Limits and Gains of Test-Time Scaling in Vision-Language Reasoning
This work addresses the problem of optimizing inference-time computation for vision-language reasoning, providing insights for researchers and practitioners, but it is incremental as it extends existing TTS methods to multimodal systems without introducing new paradigms.
The study systematically evaluated test-time scaling (TTS) for vision-language models, finding that closed-source models benefit from structured reasoning and self-refinement, while open-source models show inconsistent gains, with effectiveness varying by dataset, such as clear improvements on multi-step reasoning tasks but limited gains on perception-focused benchmarks.

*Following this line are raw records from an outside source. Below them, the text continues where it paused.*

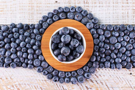 Fresh blueberry on white rugged wooden table - delicious label design with circular servig board in center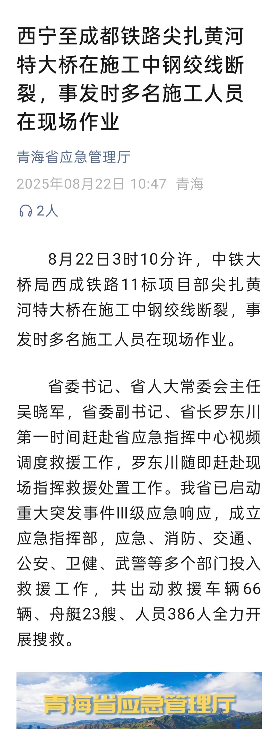 青海省應(yīng)急管理廳通報(bào)稱(chēng),8月22日3時(shí)10分許,中鐵大橋局西成鐵路11標(biāo)項(xiàng)目部尖扎黃河特大橋在施工中鋼絞線(xiàn)斷裂,事發(fā)時(shí)多名施工人員在現(xiàn)場(chǎng)作業(yè)。青海省委書(shū)記、省人大常委會(huì)主任吳曉軍,省委副書(shū)記、省長(zhǎng)羅東川第一時(shí)間趕赴省應(yīng)急指揮中心視頻調(diào)度救援工作,羅東川隨即趕赴現(xiàn)場(chǎng)指揮救援處置工作。青海省已啟動(dòng)重大突發(fā)事件Ⅲ級(jí)應(yīng)急響應(yīng),成立應(yīng)急指揮部,應(yīng)急、消防、交通、公安、衛(wèi)健、武警等多個(gè)部門(mén)投入救援工作,共出動(dòng)救援車(chē)輛66輛、舟艇23艘、人員386人全力開(kāi)展搜救。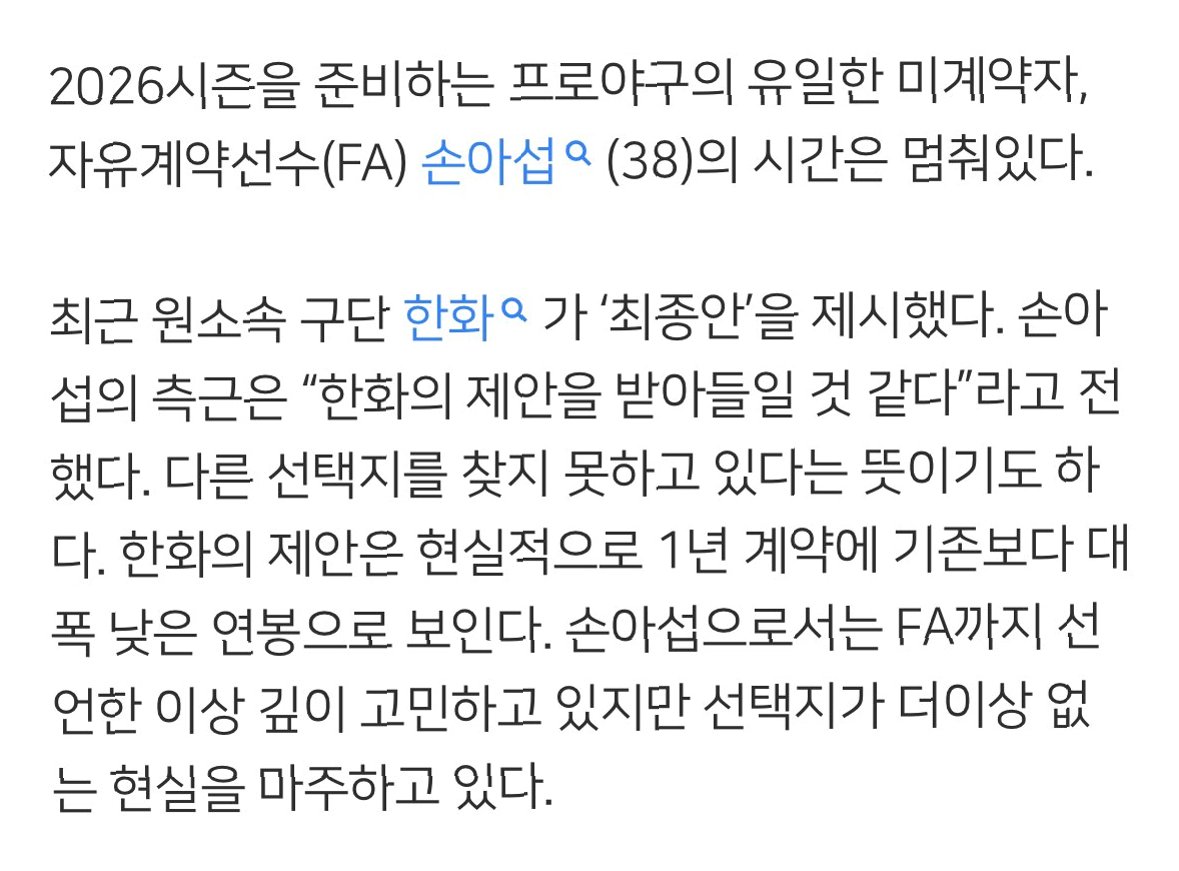 프로야구 시즌을 앞두고 유일한 미계약 FA 선수인 손아섭의 거취가 불투명합니다. 원소속팀 한화 이글스가 최종 제안을 했지만, 손아섭 측은 다른 선택지를 찾지 못하고 고심 중입니다. 한화의 제안은 1년 계약에 연봉 대폭 삭감 조건으로 알려졌습니다. FA 선언 후에도 현실적인 선택지가 좁아진 상황에 놓였습니다.

Test-time scaling (TTS) has emerged as a powerful paradigm for improving the reasoning ability of Large Language Models (LLMs) by allocating additional computation at inference, yet its application to multimodal systems such as Vision-Language Models (VLMs) remains underexplored. In this work, we present a systematic empirical study of inference time reasoning methods applied across both open-source and closed-source VLMs on different benchmarks. Our results reveal that while closed-source models consistently benefit from structured reasoning and iterative Self-Refinement, open-source VLMs show inconsistent behavior: external verification provides the most reliable gains, whereas iterative refinement often degrades performance. We further find that the effectiveness of TTS is dataset-dependent, yielding clear improvements on multi-step reasoning tasks but offering only limited gains on perception-focused benchmarks. These findings demonstrate that TTS is not a universal solution and must be tailored to both model capabilities and task characteristics, motivating future work on adaptive TTS strategies and multimodal reward models.